= PFD allowance =

PFD allowance in work systems is the adjustment done to the normal time to obtain the standard time for the purpose of recovering the lost time due to personal needs, fatigue, and unavoidable delays. By providing a small increase to the normal time in each cycle, a worker can still be able to cover lost time and complete the work assigned to him or her.

==Allowance technique==
There are two types of interruption: (1) interruption related to work (2) interruption not related to work. For example, a machine breakdown, rest break to overcome fatigue, and receiving instruction from the manager are the interruption related to work, but personal needs, lunch breaks, and personal telephone calls are interruptions not related to work. However, the two types of interruption are both essential for the worker because it is almost impossible to work continually during a regular shift.

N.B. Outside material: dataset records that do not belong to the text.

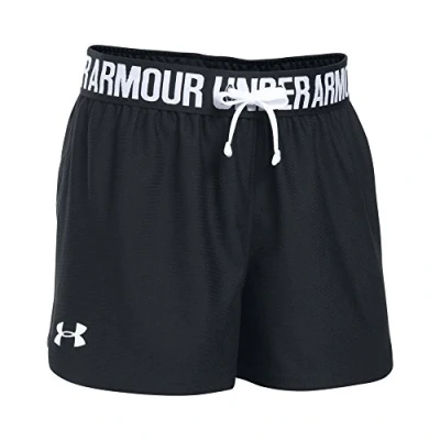 Under Armour Girls' Tech Play Up Short, Running Shorts with Shaped Hem and Open Hand Pockets, Breathable Fast Drying Gym Black, YS/JP/J CH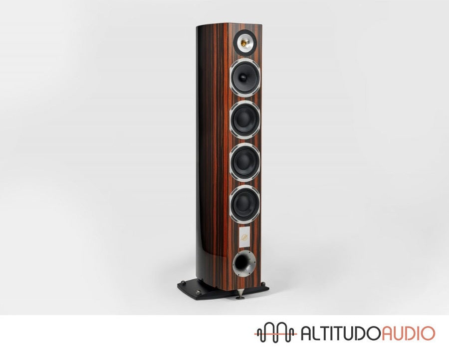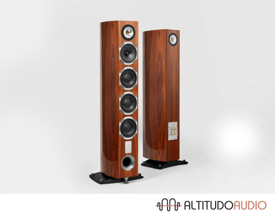 On the Quatuor 40th anniversary model, the addition of a rear tweeter that allows the speaker to radiate energy to the front and rear of the transmitting point, much like a symphony orchestra would. With this gain of energy initially lost off axis from the listening point, the sound volume is better distributed in front of the listener. This allows for easier placement of the speaker in the room and a stable and deep sound image with great openness without distorting the original signal.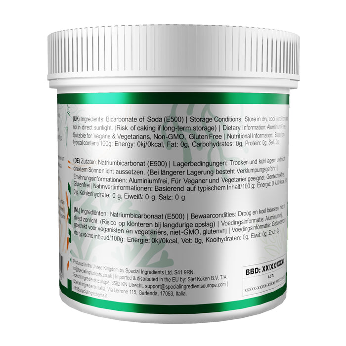 Bicarbonate of Soda: Our Bicarbonate of Soda (Sodium Bicarbonate) is 100% extra fine pure powder and is aluminium free. Also known as "Baking Soda", it is primarily used in cooking and baking as a leavening agent. It reacts with acidic components in batters, releasing carbon dioxide, which in turn causes expansion of the batter forming the characteristic texture and grain in pancakes, cakes, quick breads and other baked and fried foods. Acidic compounds that induce this reaction include phosphates, cream of tartar, lemon juice, yoghurt, buttermilk, cocoa, vinegar, etc. Sodium Bicarbonate can be substituted for baking powder provided sufficient acid reagent is also added to the recipe. Most forms of baking powder contain Sodium Bicarbonate combined with one or more acidic phosphates. Suitable for Vegans & Vegetarians, Non-GMO, Gluten Free.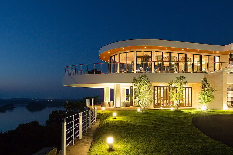 天空に浮かぶ豪華客船をイメージした母屋には絶景が広がるプールやテラスがあり、まるで海と空を船で旅するような気分に。夜はライトアップされた幻想的な雰囲気になり、一日中表情が変わる景色が楽しめます。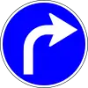 Curva peligrosa a la derecha | Preseñaliza un tramo de carretera no rectilíneo por la limitada visibilidad o por la característica del trazado (curva estrecha a la derecha). |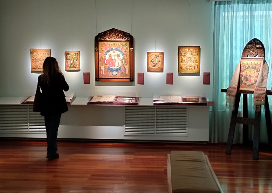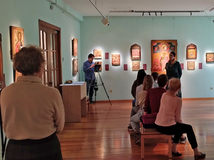 В зале иконописи работает выставка «Шедевры древнерусской и старообрядческой иконы» («Центр искусств. Москва»). В этом зале сотрудником музея Надеждой Жарий была проведена экскурсия «Небесные Покровители». Также демонстрировалась видеозапись экскурсии по выставке кандидата искусствоведения, эксперта по культурным ценностям Министерства культуры РФ Натальи Мерзлютиной.
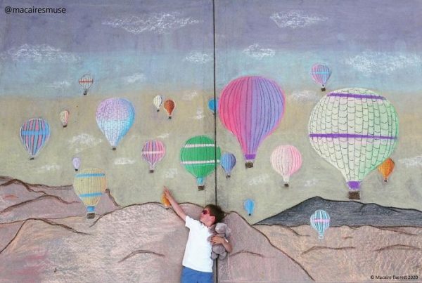 Жишээ нь 14 настай Макейр Эверетт болон түүний 9 настай дүү Камден нарыг авч үзье. Тэд хамтдаа ах, эгч, гэр бүлийнхнийхээ амьдралыг хөгжилтэй байлгаж гэрэлтүүлэх өвөрмөц аргыг олжээ. Хорио цээрийн дэглэм эхэлснээс хойш Макейр явган хүний зам дээр өнгө өнгийн шохойгоор төсөөллийн ертөнцөө бүтээлчээр зурж харин дүү нь эгчийнхээ зурсан зургаар дэлхийгээр, мөн цаг хугацаагаар аялж, хөгжилтэй зураг даруулж байв. Иллинойс мужийн Либертивилл дэх тэдний хөрш нь тэдний 100 гаруй уран бүтээлийн гэрч болжээ. Тэд цаашид ч үргэлжлүүлэн зурсаар байх болно гэж хэлсэн байна.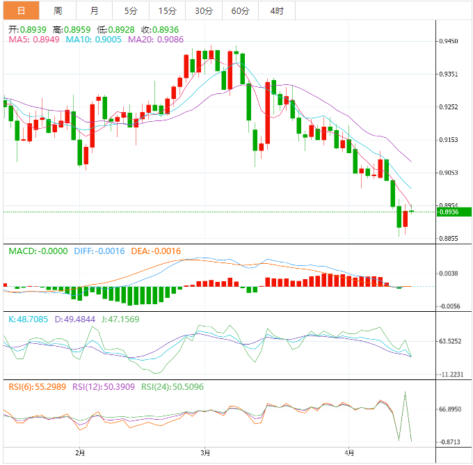 ÖÜÒ»ÅÌÖУ¬ÃÀÔª¶ÒÈðÀÉϵøÖÁ0.8936£¬µø·ù0.04%¡£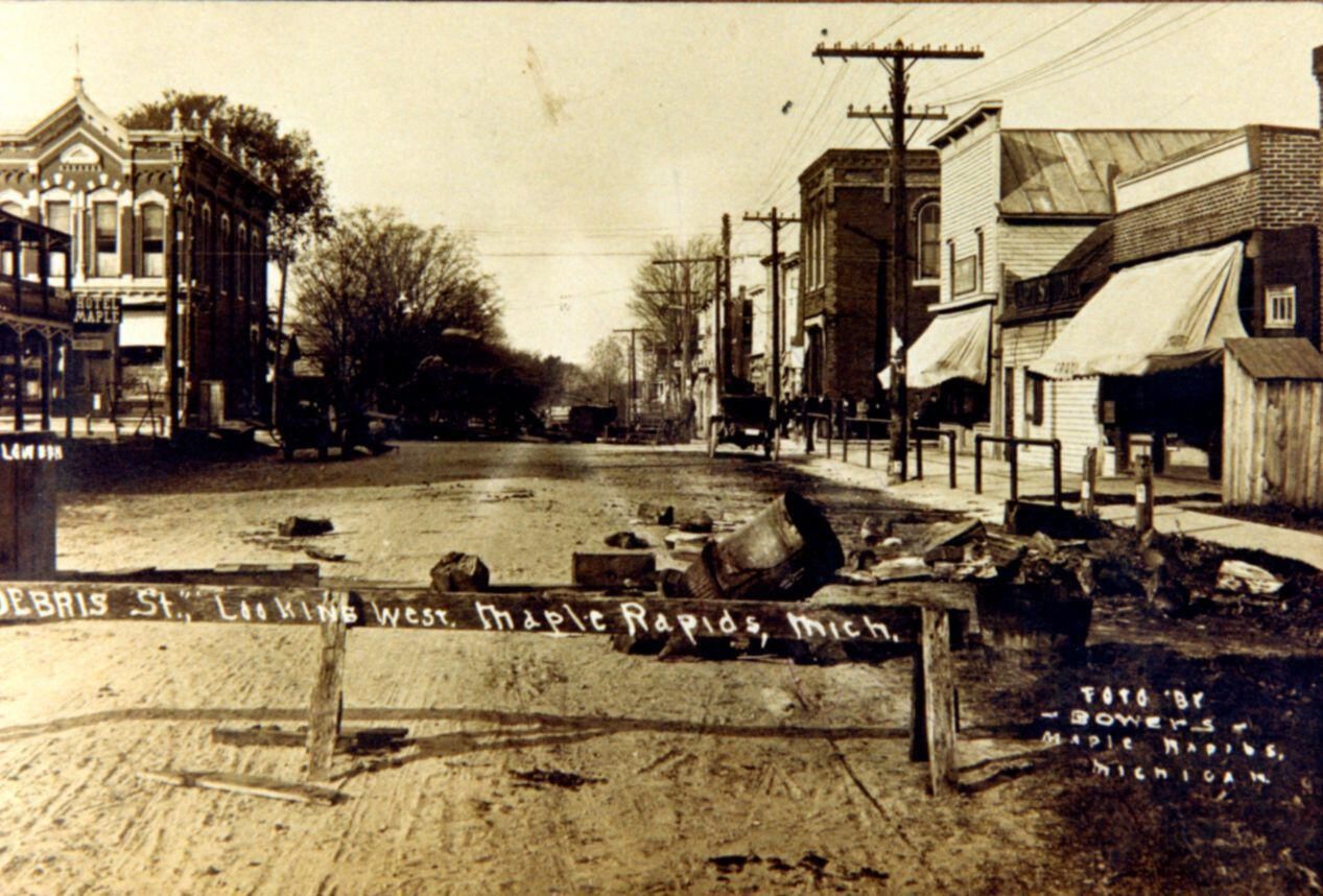Copy of a postcard of "Debris St." looking west c1910 after Halloween, Maple Rapids.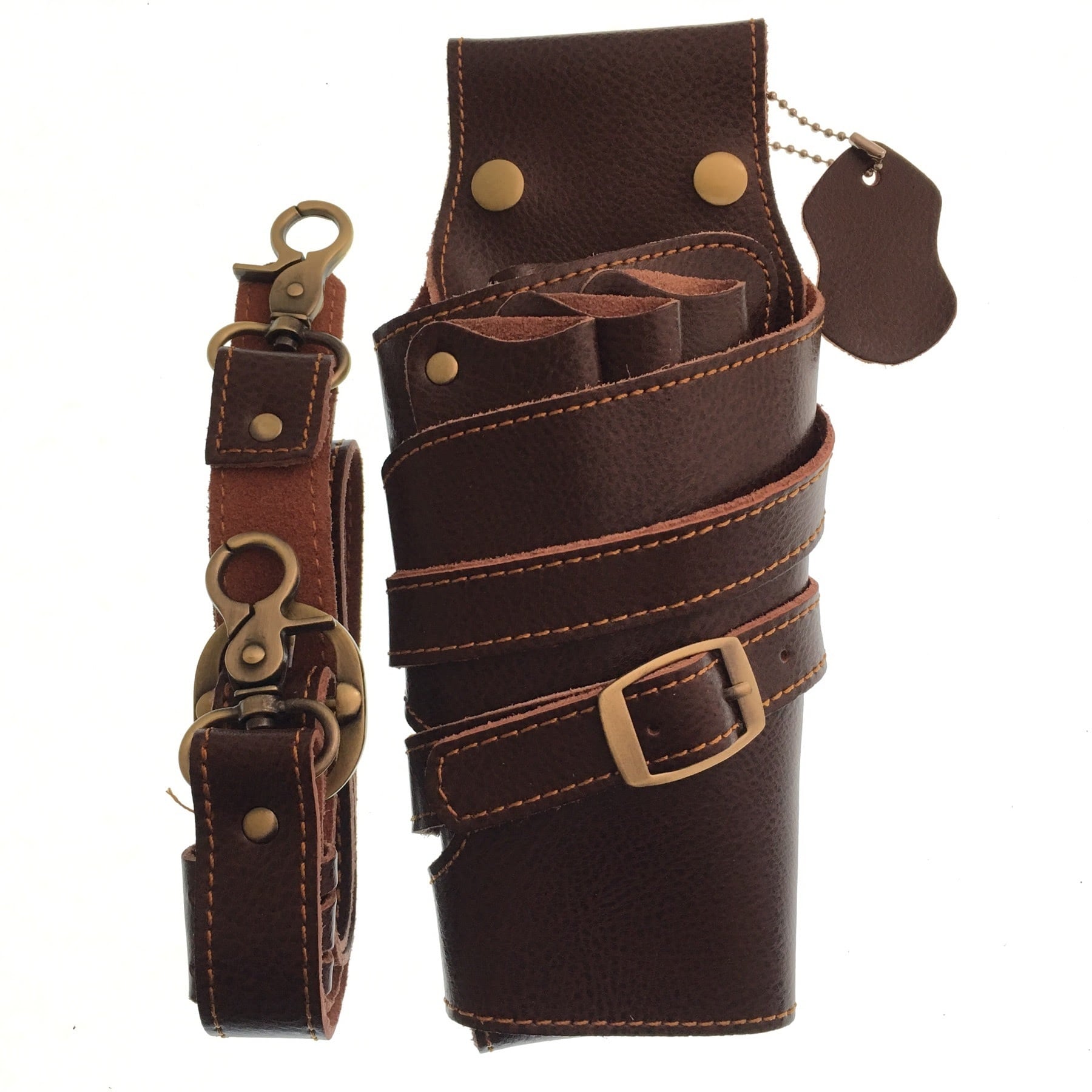 シザーケース ブラウニー 本革 牛革 本革ベルト付 ハサミ5丁 美容師 トリマー 6Colors
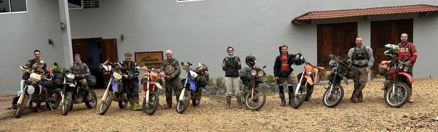 On January 31, 2025 the first group of riders gathered at the Sokimex gas station at the north end of Prek Pneau where they have a nice restaurant and fuel pumps on the Tonle Sap River. Dennis had left Kampot at around 5 am and arrived before the 8 am meeting time. Dave, Wendy, Yong, Scott and Luke joined from their Phnom Penh locations. It was mostly hard top road all the way to Stung Treng. We picked up Philip at the PTT gas station just north of Kratie and then Peter joined us later at The Hope Center where we spent the night in Stung Treng. So we were 8 riders by Friday evening and we went out to eat at a restaurant and then bunked for the night.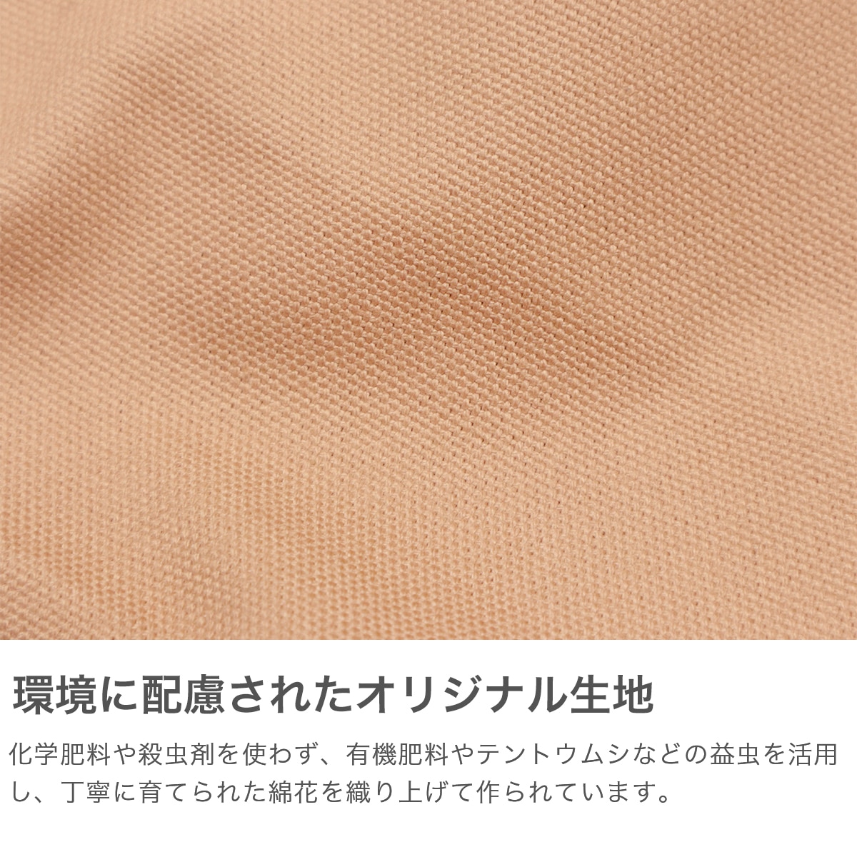 定番のネームタグトートバッグが、SDGs(持続可能な開発目標)企画として素材やサイズ感を見直しリニューアルしました。本体には、有機肥料などを活用し、手間をかけて作られた綿花を織り上げた生地を採用。環境負荷低減と安全性に配慮した「倉敷染」を施したオリジナル素材です。肩掛けしやすい長めの持ち手と使い勝手の良いサイズ感で、長くご愛用いただけます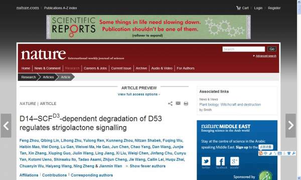 南京农业大学 万建民课题组在Nature杂志发表控制水稻分蘖的新激素信号转导研究成果已有13人参与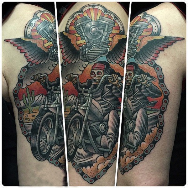男生手臂上彩绘水彩素描创意霸气摩托车纹身图片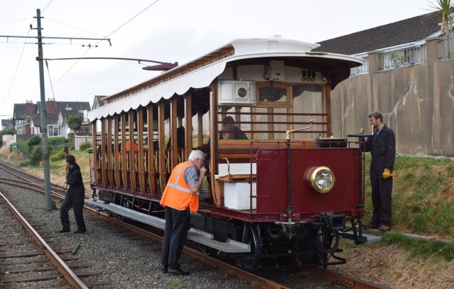 Car 14 after the conclusion of its first test run at Onchan Head.
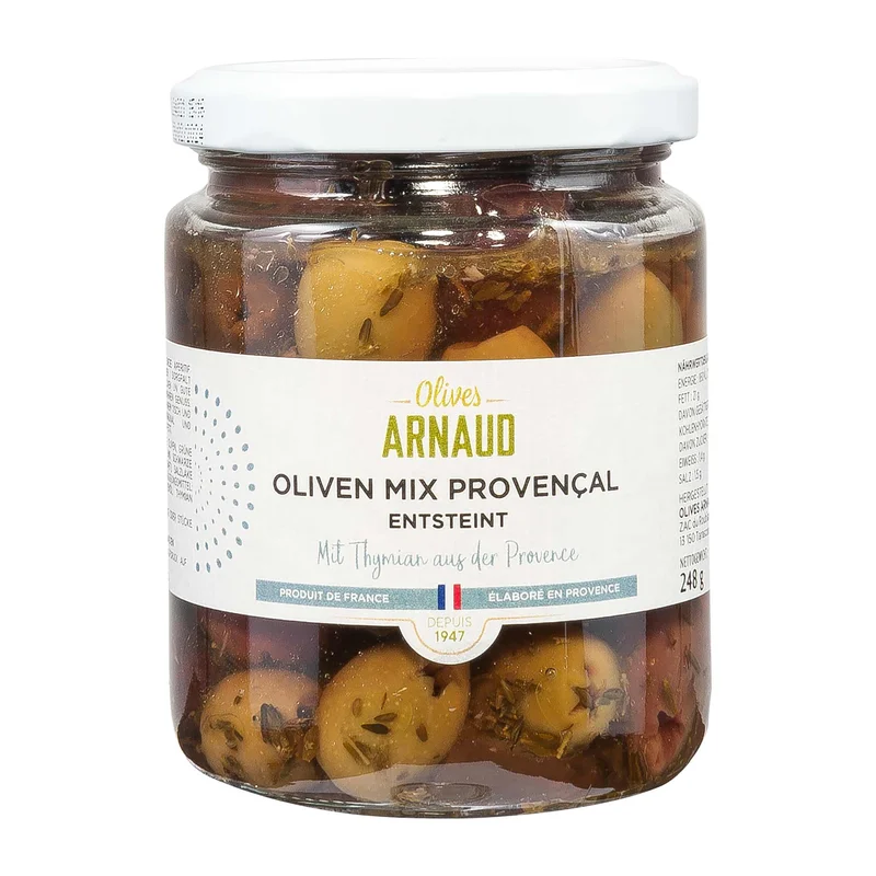 Arnaud | Oliven Mix | mit Thymian der Provence Arnaud bunte entsteinte Oliven Mix mit Thymian aus der Provence führen wir nun im praktischen kleinen Glas für Zuhause. Diese Aperitif Oliven sind mit größter Sorgfalt verarbeitet und werden nur mit ausgesuchten Oliven produziert. Die Arnaud Oliven sind seit 15 Jahren in unserer Frischetheke der absolute Oliven-Liebling unserer Kunden. Die schwarzen Oliven sind, und das ist bei entsteinten Oliven sehr selten, nicht gefärbt! Aperitif perfekt! Der Oliven Mix von Arnaud Ein beinhaltet fünf aromatischsten Olivensorten: grüne Oliven, Picholine Oliven, schwarze Oliven und lila Tailladées und kleine Coquillos-Oliven. Diese werden mit Thymian mariniert in einer Salzlake mit Rotweinessig und Sonnenblumenöl eingelegt. Arnaud | Oliven aus der Provence Das Familienunternehmen Arnaud widmet sich seit 1947 gänzlich der Verarbeitung und Veredlung bester, heimischer Oliven. Die Heimat der Familie Arnaud ist Fortvielle, eines der schönsten Dörfer im Herzen der Provence. Der moderne Betrieb liegt zwischen Arles und Avignon. Direkt nach der Ernte zwischen September und Januar werden Oliven, wie die grünen Picholin Oliven aus dem Vallée des Baux, zu Oliven im Glas verarbeitet. Dabei werden die Oliven zunächst entsteint, die Grünen mit Essig, Kräutern der Provence und Olivenöl eingelegt, die schwarzen, zunächst getrocknet und dann in Gläser gefüllt und ebenfalls mit Kräutern aus der Provence eingelegt. Während der restlichen Zeit zwischen Februar und Juli werden aus Oliven Pastinaden und Cremes hergestellt und grobes Meersalz aus der Camargue mit Kräutern veredelt. Nettogewicht: 248gAbtropfgewicht 130g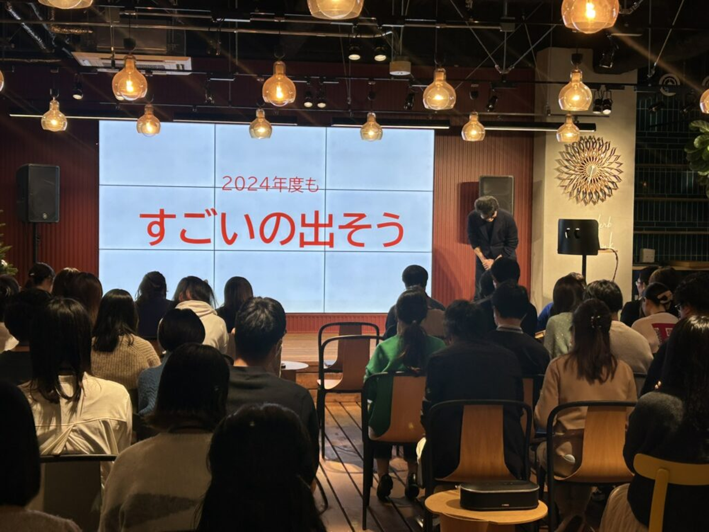 2023年度の結果とその要因を全員で理解し、2024年度にやるべきことを明確にして、新しい目標と今後会社が向かう方向性を確認するために、代表の永松をはじめ各事業部のリーダーから説明がありました。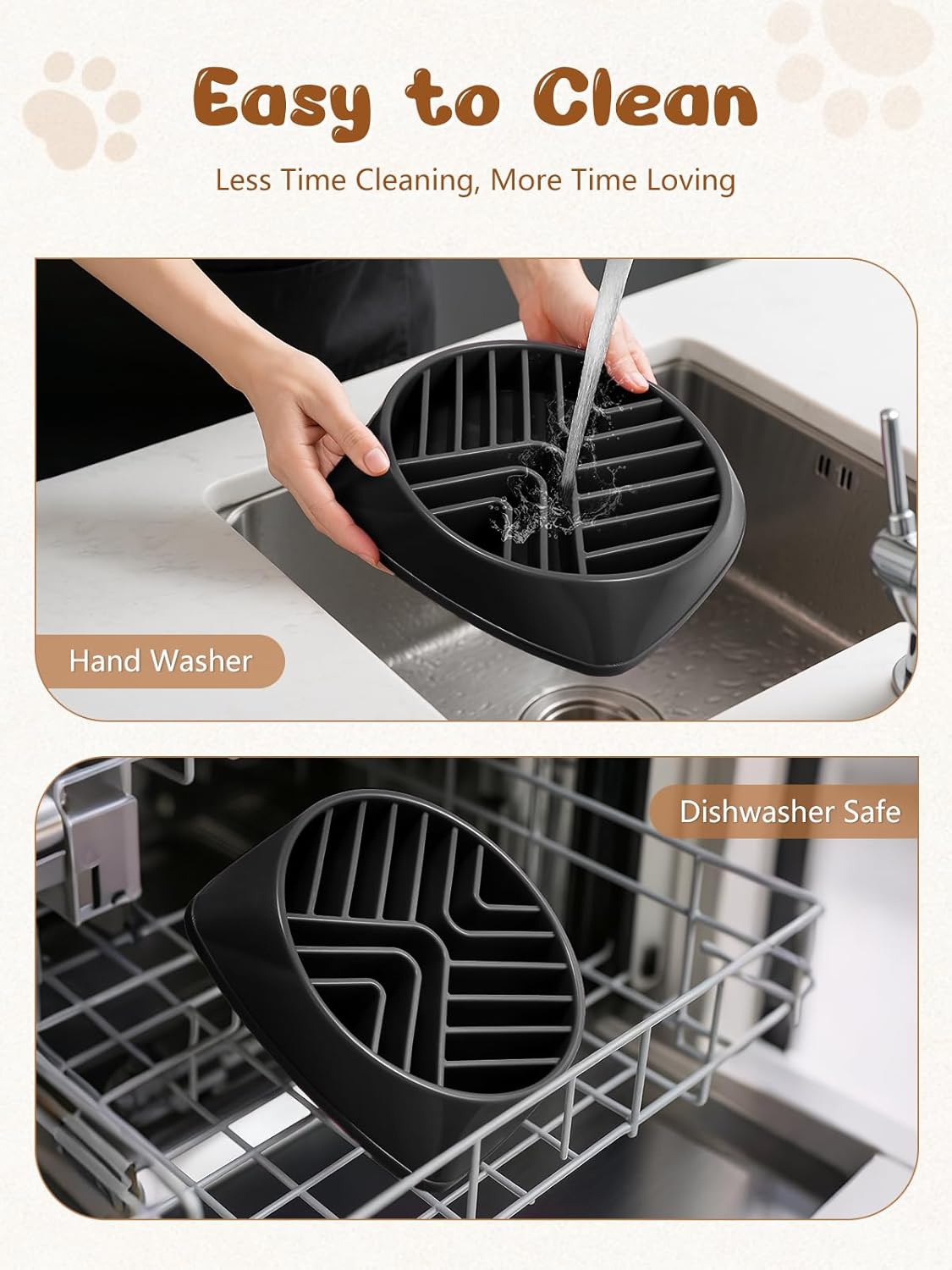 Easy to Clean and Maintain: Cleaning your dog slow feeder bowl is a breeze! Its smooth surface prevents food from getting stuck, and it’s dishwasher-safe for easy cleaning. Whether your dog enjoys dry, wet, or raw food, this slow feeder dog bowl is easy to maintain.
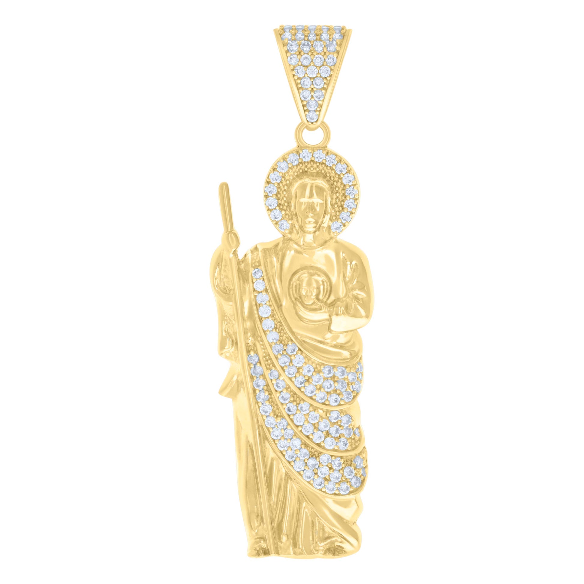 10kt Yellow Gold Mens Cubic-Zirconia St. Jude Religious Charm Pendant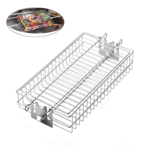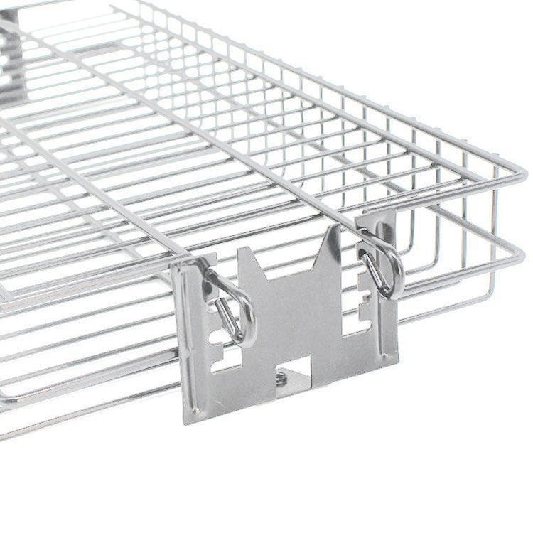 The grill basket is made from made from premium 430 stainless steel, features high tempreture resistance and corrsion resistance, the height of the basket can be adjusted to ensure different grilling space for bbq foods.

===Personal needs, fatigue, and unavoidable delays allowance===
The standard time is calculated by multiplying the normal time by 1 plus the PFD allowance:
 $T_\text{std} = T_n*(1 + A_\text{pfd})$
- $T_\text{std}=$standard time.
- $T_n =$ normal time.
- $A_\text{pfd} =$ PFD allowance.

====Personal needs====
The personal needs allowance is the time that is associated with workers’ daily personal needs which include going to the restroom, phone calls, going to the water fountain, and similar interruptions of a personal nature. However, it is categorized as 5%, but it also depends on the work environment, e.g. in terms of discomfort and temperature.

====Fatigue====
The fatigue allowance is intended to cover the time that the worker should be given to overcome fatigue due to work related stress and conditions. There are three factors that cause fatigue: (1) physical factors like standing and use of force, (2) mental and cognitive factors like mental strain and eye strain, and (3) environmental and work factors like poor lighting, noise, and heat.

====Unavoidable Delays====
Unavoidable delays are categorized under unavoidable interruption that occurs at random times during the day in the workplace. They usually refer to work-related events like cleaning up at the end of the shift, and machine breakdowns or malfunctions. Unavoidable delays occur because of many random events at work stations.